Ringfort (Rath), Kilgarvan, Co. Kerry
Co. Kerry |
Ringforts
A local story has long circulated around this Kerry ringfort that an underground tunnel connects it, invisibly, to a children's burial ground lying just to the south-west.
The tunnel in question would be a souterrain, a type of stone-lined or rock-cut passage built beneath Early Medieval farmsteads, typically for storage or refuge. Whether this particular one exists has never been confirmed, but the story itself points to something worth noting: ringforts of this kind were rarely seen as simply old or neutral ground. The perceived link between this rath and a site associated with unbaptised children buried outside consecrated ground suggests a landscape charged, at least in local memory, with a kind of underground intimacy between the ancient and the sorrowful.

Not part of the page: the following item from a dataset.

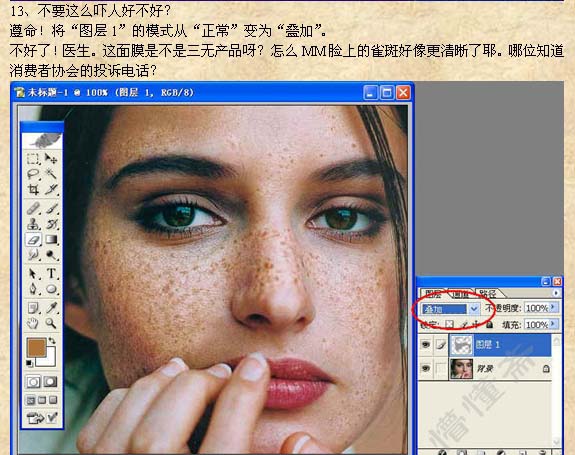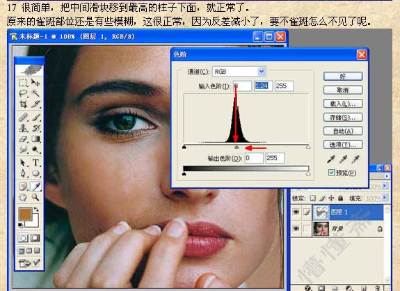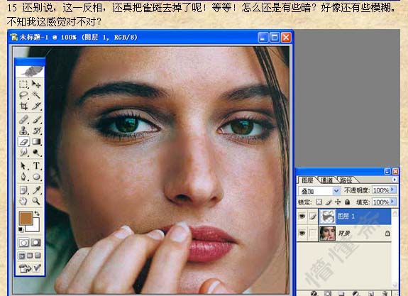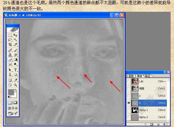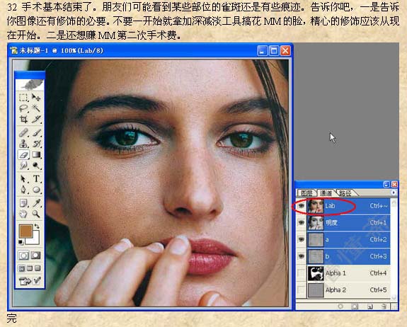 本教程的祛斑方法有点复杂,不过原理大致相同。先把雀斑的大致区域选取出来,适当的模糊处理,然后利用通道及其它滤镜来制作质感。祛斑的方法也很多,可以使用自己的方法去做。

The site itself is a univallate rath, meaning it is enclosed by a single earthen bank rather than the multiple concentric rings found at higher-status sites. Its plan is sub-circular, measuring roughly 27 metres north to south and 31 metres east to west. The enclosing bank is still reasonably well defined, rising to about 1.7 metres on the outer face and 1.2 metres above the interior, though cattle have broken through it in several places over the years. The interior sits at a slightly elevated level relative to the surrounding land, a common feature of raths, and has become somewhat overgrown. Thousands of such enclosures survive across Ireland, the remains of Early Medieval farmsteads dating broadly from the fifth to the twelfth centuries, built to protect livestock and household from everyday hazards rather than from any serious military threat. This one in north Kerry is unassuming by any structural measure, but its position to the east of a related monument and its folkloric connection to the nearby burial ground give it a quiet weight that earthwork dimensions alone cannot convey.